*** Begin section ***

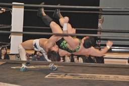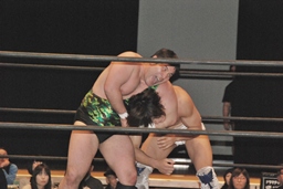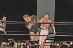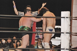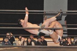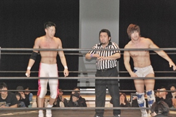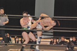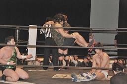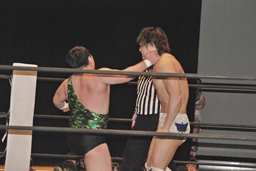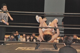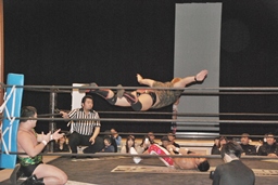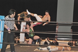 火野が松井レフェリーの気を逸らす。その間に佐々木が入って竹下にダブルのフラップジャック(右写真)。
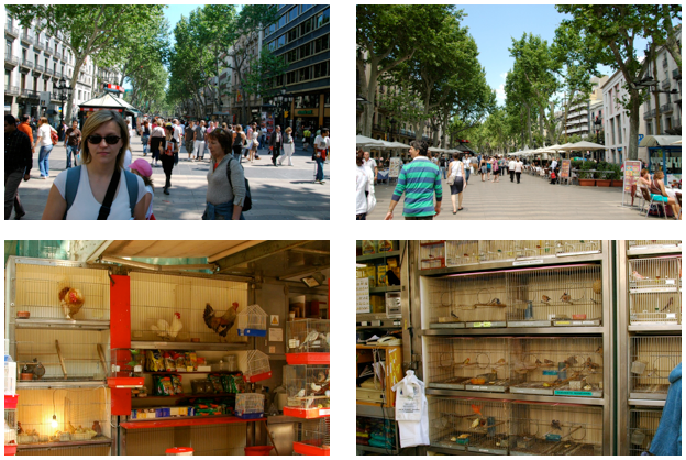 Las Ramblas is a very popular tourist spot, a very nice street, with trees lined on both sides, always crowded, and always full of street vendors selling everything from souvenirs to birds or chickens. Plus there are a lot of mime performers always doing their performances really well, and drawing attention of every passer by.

*** End section ***
*** Begin section ***

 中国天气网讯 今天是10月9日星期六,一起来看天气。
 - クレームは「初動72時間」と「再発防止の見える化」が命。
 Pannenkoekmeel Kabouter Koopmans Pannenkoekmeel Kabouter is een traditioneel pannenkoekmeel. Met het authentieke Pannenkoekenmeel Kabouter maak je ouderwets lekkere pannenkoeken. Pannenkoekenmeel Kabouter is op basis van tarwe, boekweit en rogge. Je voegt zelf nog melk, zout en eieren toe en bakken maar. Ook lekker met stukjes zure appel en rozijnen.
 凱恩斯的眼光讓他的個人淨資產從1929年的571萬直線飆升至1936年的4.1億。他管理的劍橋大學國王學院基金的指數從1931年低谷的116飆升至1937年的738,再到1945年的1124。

*** End section ***
*** Begin section ***

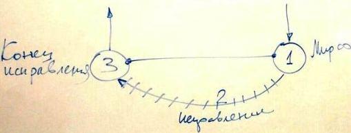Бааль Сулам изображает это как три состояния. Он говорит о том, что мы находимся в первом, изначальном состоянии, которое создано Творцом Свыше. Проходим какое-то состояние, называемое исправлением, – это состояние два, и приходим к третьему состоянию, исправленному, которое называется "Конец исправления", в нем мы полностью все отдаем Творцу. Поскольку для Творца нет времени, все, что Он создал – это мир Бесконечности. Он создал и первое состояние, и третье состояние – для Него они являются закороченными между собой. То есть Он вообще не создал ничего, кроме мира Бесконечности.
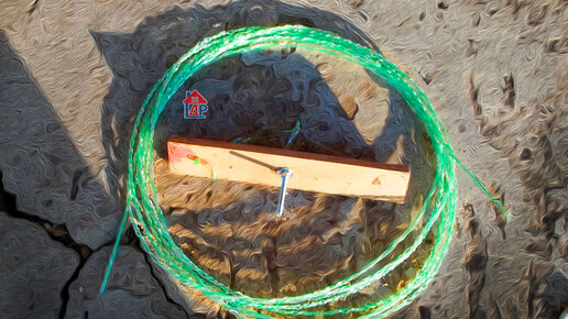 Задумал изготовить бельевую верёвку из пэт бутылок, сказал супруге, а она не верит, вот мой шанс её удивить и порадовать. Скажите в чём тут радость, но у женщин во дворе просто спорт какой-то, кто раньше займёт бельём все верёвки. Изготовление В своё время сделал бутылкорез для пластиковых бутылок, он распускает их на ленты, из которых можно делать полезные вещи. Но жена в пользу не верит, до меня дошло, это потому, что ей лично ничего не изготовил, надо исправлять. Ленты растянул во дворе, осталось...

*** End section ***

Exercise brief: Please transcribe exactly the lines above from the line that has "中国天气网讯 今天是10月9日星期六,一起来看天气。" up to and including the line that has "- クレームは「初動72時間」と「再発防止の見える化」が命。"; no other line belongs in the answer.

Response:
 中国天气网讯 今天是10月9日星期六,一起来看天气。
 - クレームは「初動72時間」と「再発防止の見える化」が命。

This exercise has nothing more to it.